Directions for this task:
Each line from the one that holds "Close-up of female" to the end of the entries is to be given again exactly. Do not include pictures.

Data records
────────

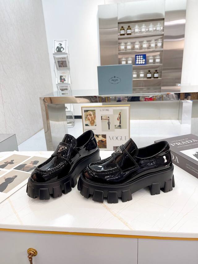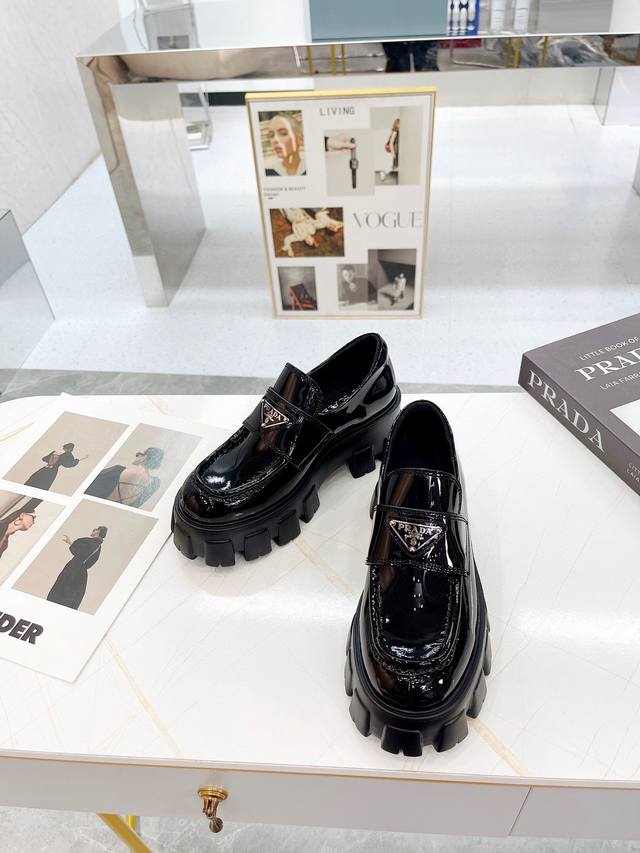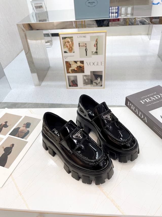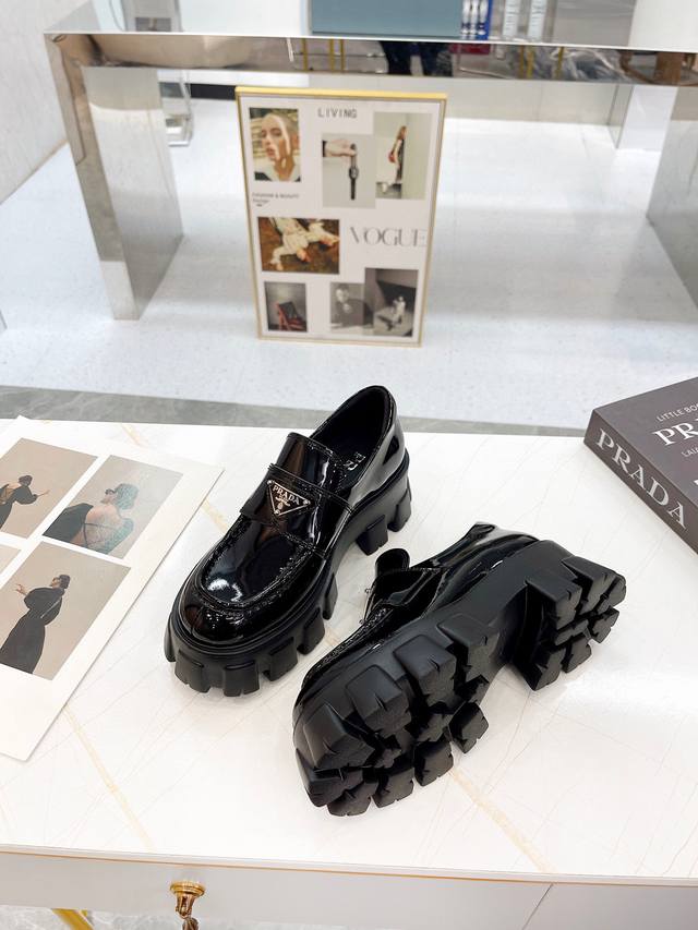 普拉达新款黑色开朱边漆皮底厚休小闲皮鞋,明星同款,prad款这松厚糕底鞋今年常非爆,上穿 高增 闲休两失不误,清的爽表现以足达表对鞋个的子个细节的控把,
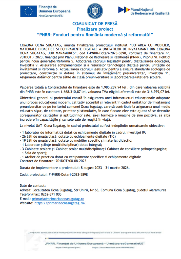COMUNICAT DE PRESĂ: Comuna Ocna Șugatag anunță finalizarea proiectului intitulat „Dotarea cu mobilier, materiale didactice și echipamente digitale a unităților de învățământ din comuna Ocna Șugatag”
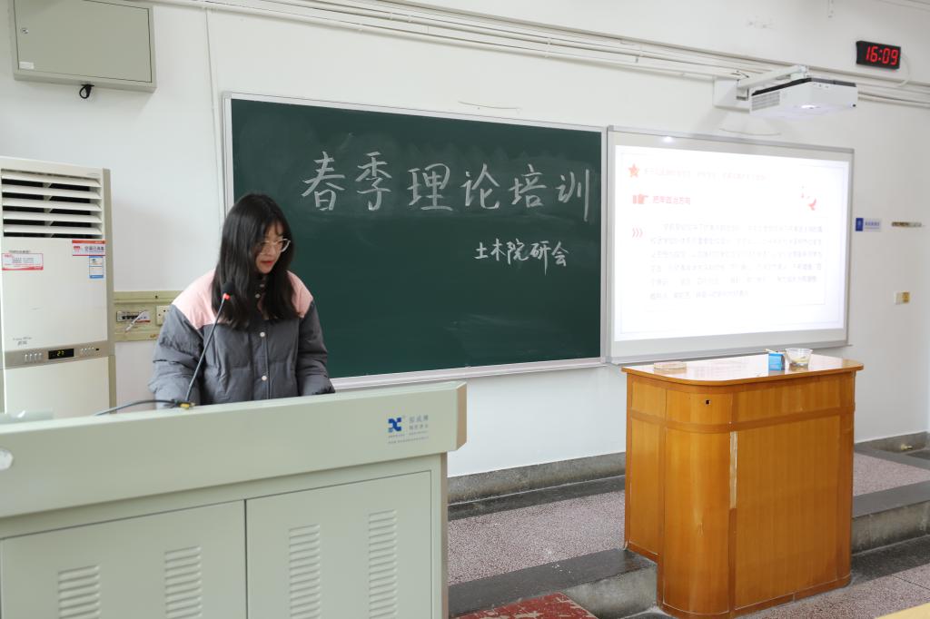 第一阶段,研究生会文艺部部长王家立紧紧围绕党的二十大精神,以《学思践悟二十大,砥砺奋进新征程》为题主持研究生会成员回顾了党的二十大报告的主要内容。他表示,作为研究生会学生干部,要有青年的历史责任感和使命感,要以中华民族伟大复兴而不断奋斗。
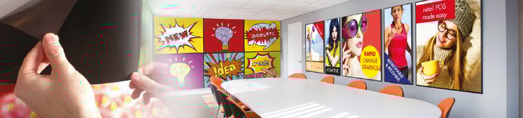 We've designed and created a number of products that are suited to use in the office or home environments, including our magnetic heat saver warmroom®, organisational magnets, replaceable signage and ways to refresh office spaces.
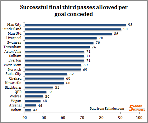 This is supported by the number of successful final third passes it takes the two clubs to score a goal; more than twice as many as the most efficient team, Blackburn.
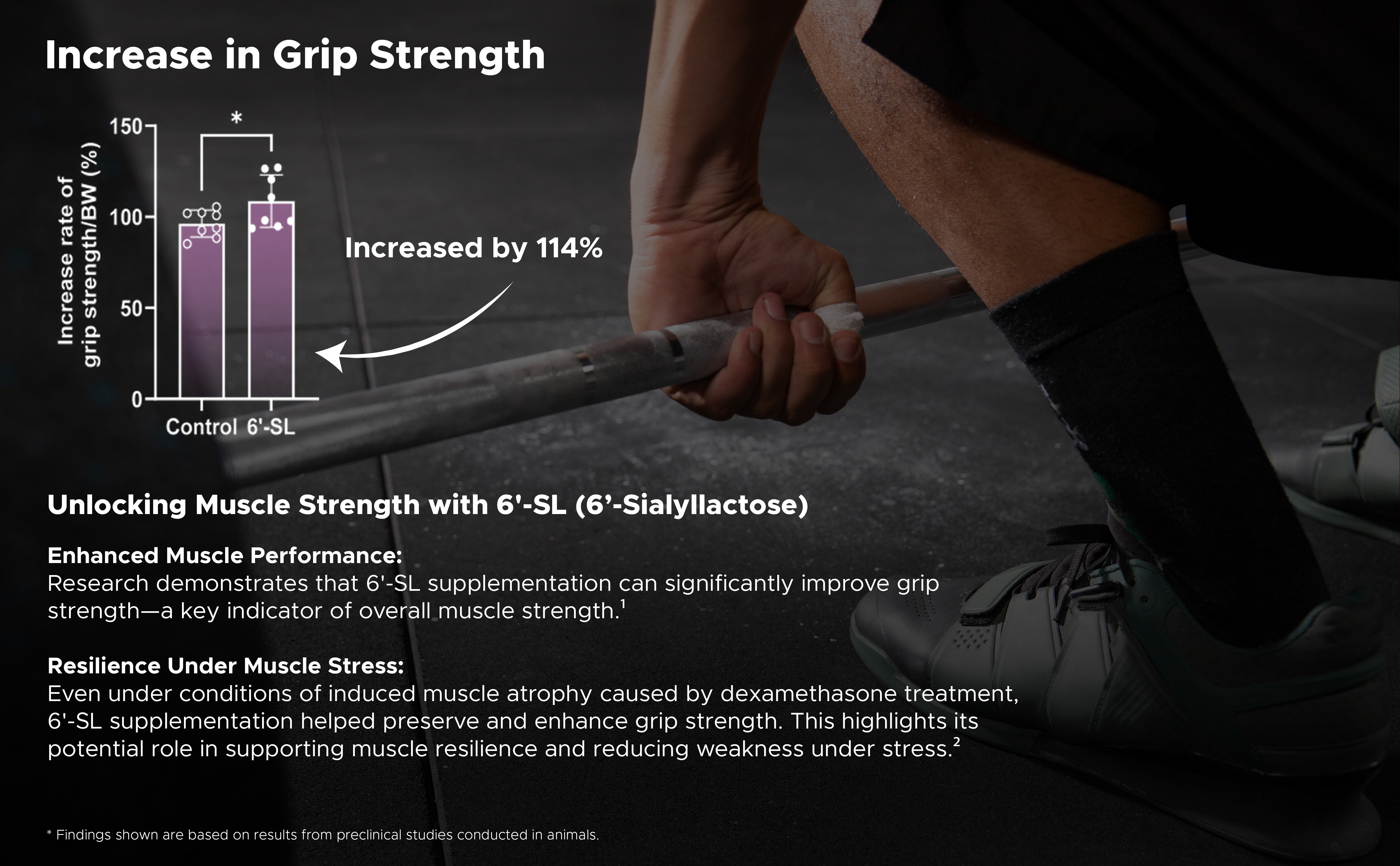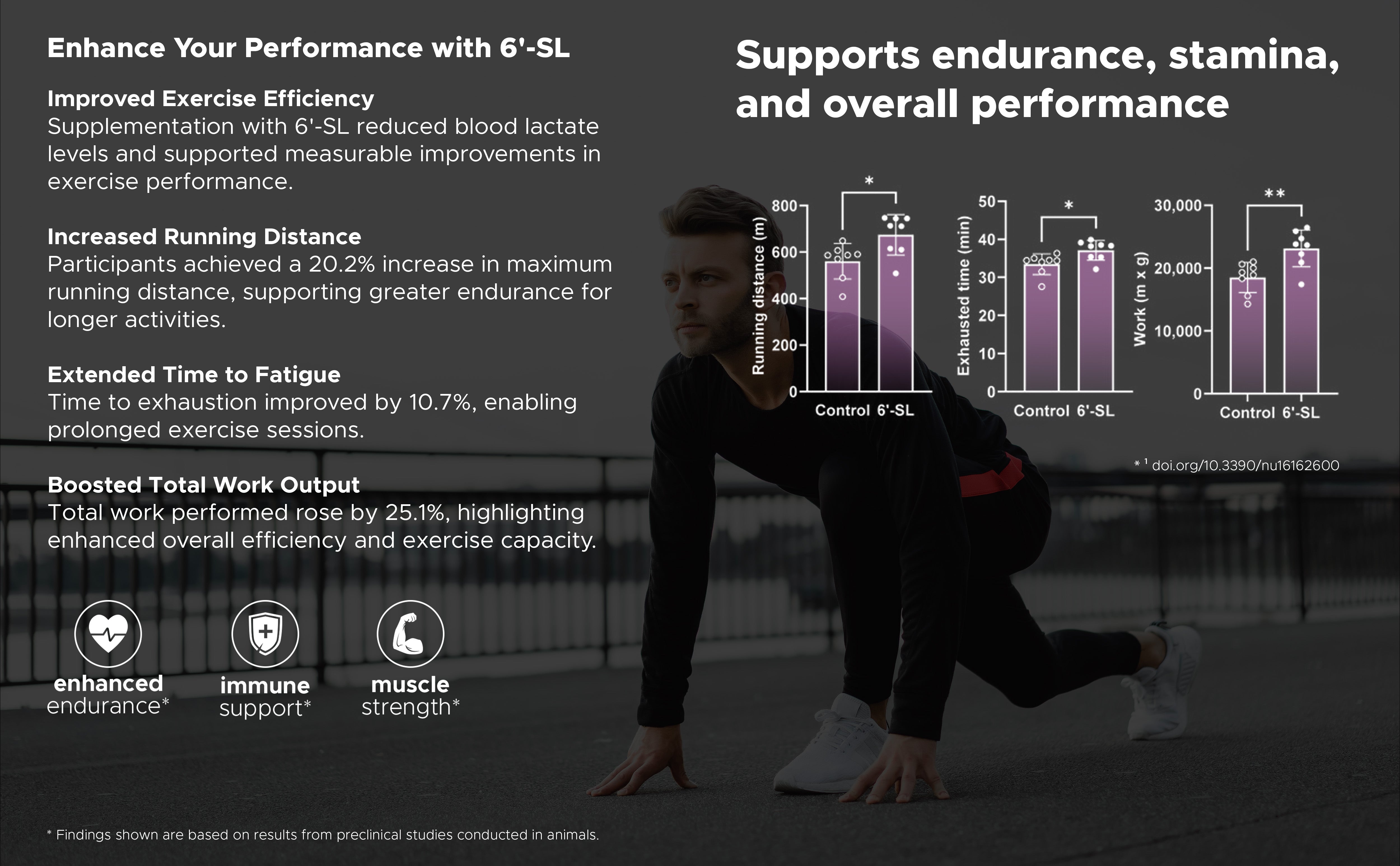 6′-Sialyllactose (6-SL), a human milk oligosaccharide (HMO), may enhance athletic performance by promoting muscle protein synthesis, lowering the buildup of lactate (a key cause of muscle fatigue), and speeding up post-exercise recovery. It also supports a healthy gut microbiome, which plays a vital role in regulating muscle energy use and reducing exercise-related inflammation.
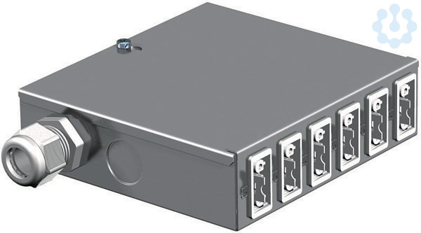Energieverteiler für Starkstromtechnik mit Festanschluss, bestückt und vorverdrahtet. Eingang: 1 Drehstromkreis über einen schraubenlosen Steckklemmblock 5-polig für Leitungsquerschnitte 0,5 - 4 mm². Ausgang: 6 selbstverriegelnde Steckverbinder 3-polig in weiß, 16 A, Typ GST18i (Buchse: 2 x L1, 2 x L2, 2 x L3). Verdrahtung intern: PVC-Aderleitung H07V-U2,5.
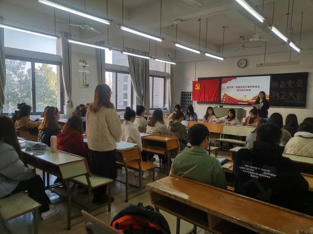 2021年12月6日上午8:30,52av 学生党支部预备党员转正大会在怀中楼北栋208教室顺利开展。52av 学生第一党支部书记张明老师、18级正式党员,2021年下半年26名预备党员的培养联系人老师及26名预备党员参加了本次会议。
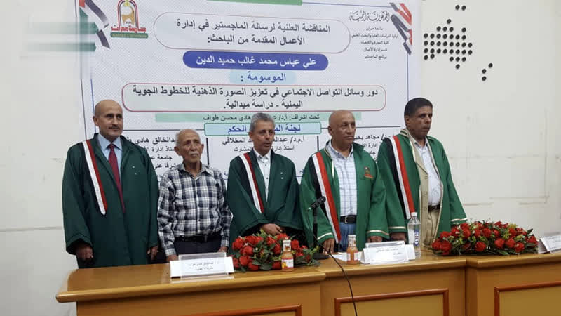 حصل الباحث علي عباس حميد الدين على درجة الماجستير بامتياز في إدارة الأعمال من كلية التجارة والاقتصاد بجامعة عمران عن رسالته الموسومة بـ “دور وسائل التواصل الاجتماعي في تعزيز الصورة الذهنية للخطوط الجوية اليمنية – دراسة ميدانية”.
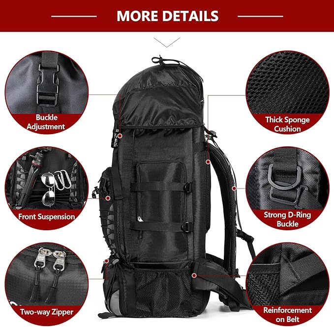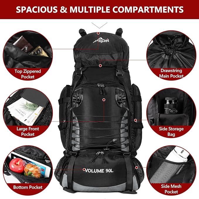 • 【Large Capacity & Multicompartment】: 90L travel backpack is designed with spacious main pocket and multiple compartments for easy storage. The hiking bag has 8 large compartments, Including 1x top pocket, 1x drawstring main pocke, 1x front pocket, 1x shoes bottom pocket, 2x side water bottle pockets, 2x side ziper pockets. Partition storage, easy to store, more tidy!
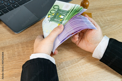 Close-up of female bank employee's hands counting euro bills, paper money, banknotes, Currency Handling Expertise, Money Management Accuracy
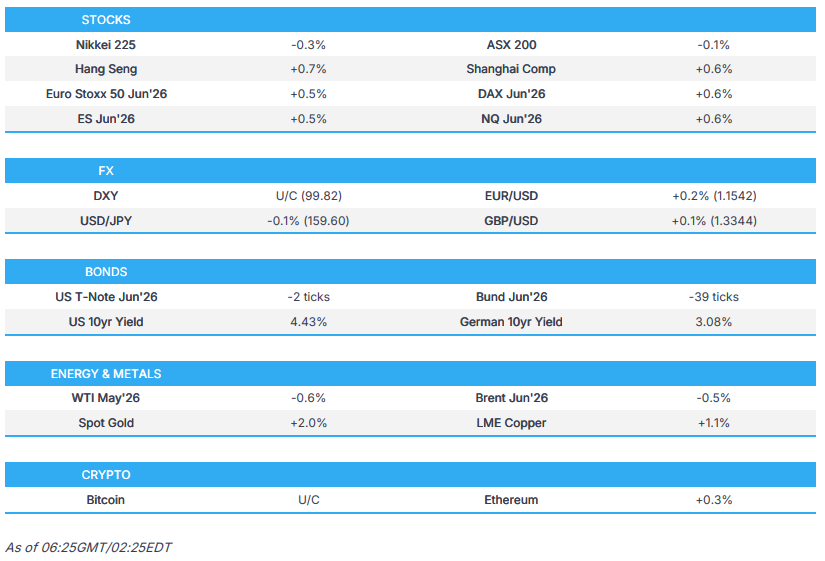 - APAC stocks were cautious but off worst levels; European equity futures indicate a positive cash market open with Euro Stoxx 50 futures up 0.5%.
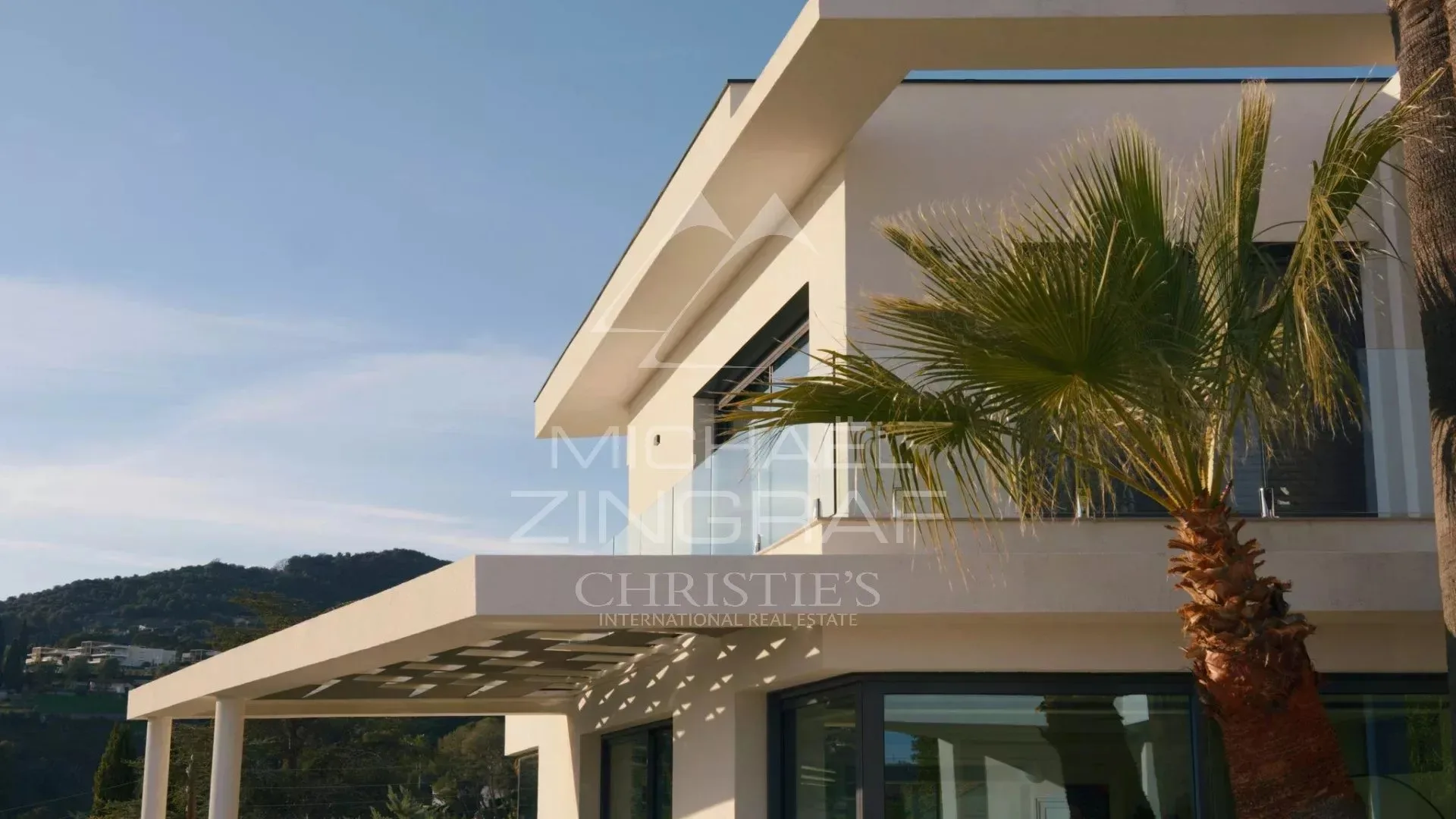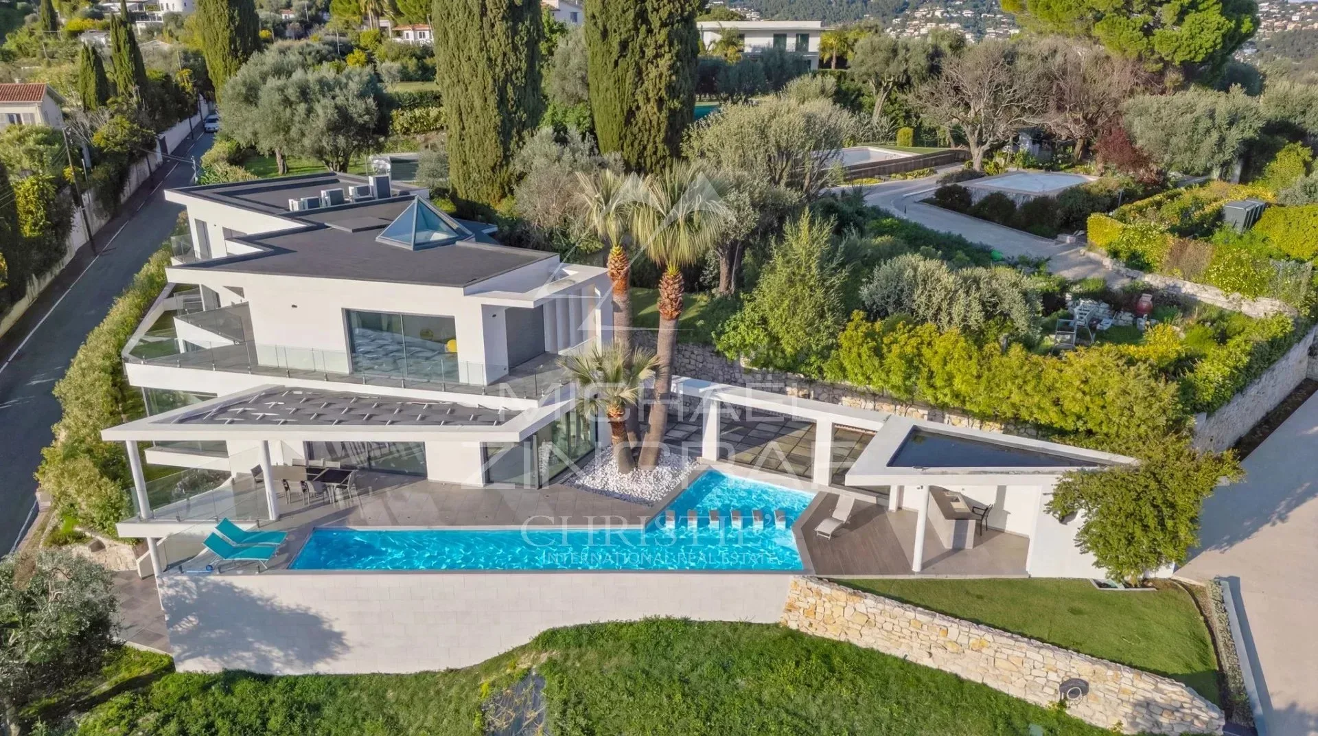 Located in the residential neighbourhood of Rimiez, overlooking Nice, within a private estate, this contemporary villa enjoys a commanding position offering unobstructed views of the city of Nice and the Mediterranean Sea. Set on landscaped grounds of over 3,000 m², the property is spread over three levels, served by an internal lift, and is distinguished by its natural light and generous volumes.

────────

Result of this exercise:
 Close-up of female bank employee's hands counting euro bills, paper money, banknotes, Currency Handling Expertise, Money Management Accuracy
 - APAC stocks were cautious but off worst levels; European equity futures indicate a positive cash market open with Euro Stoxx 50 futures up 0.5%.
 Located in the residential neighbourhood of Rimiez, overlooking Nice, within a private estate, this contemporary villa enjoys a commanding position offering unobstructed views of the city of Nice and the Mediterranean Sea. Set on landscaped grounds of over 3,000 m², the property is spread over three levels, served by an internal lift, and is distinguished by its natural light and generous volumes.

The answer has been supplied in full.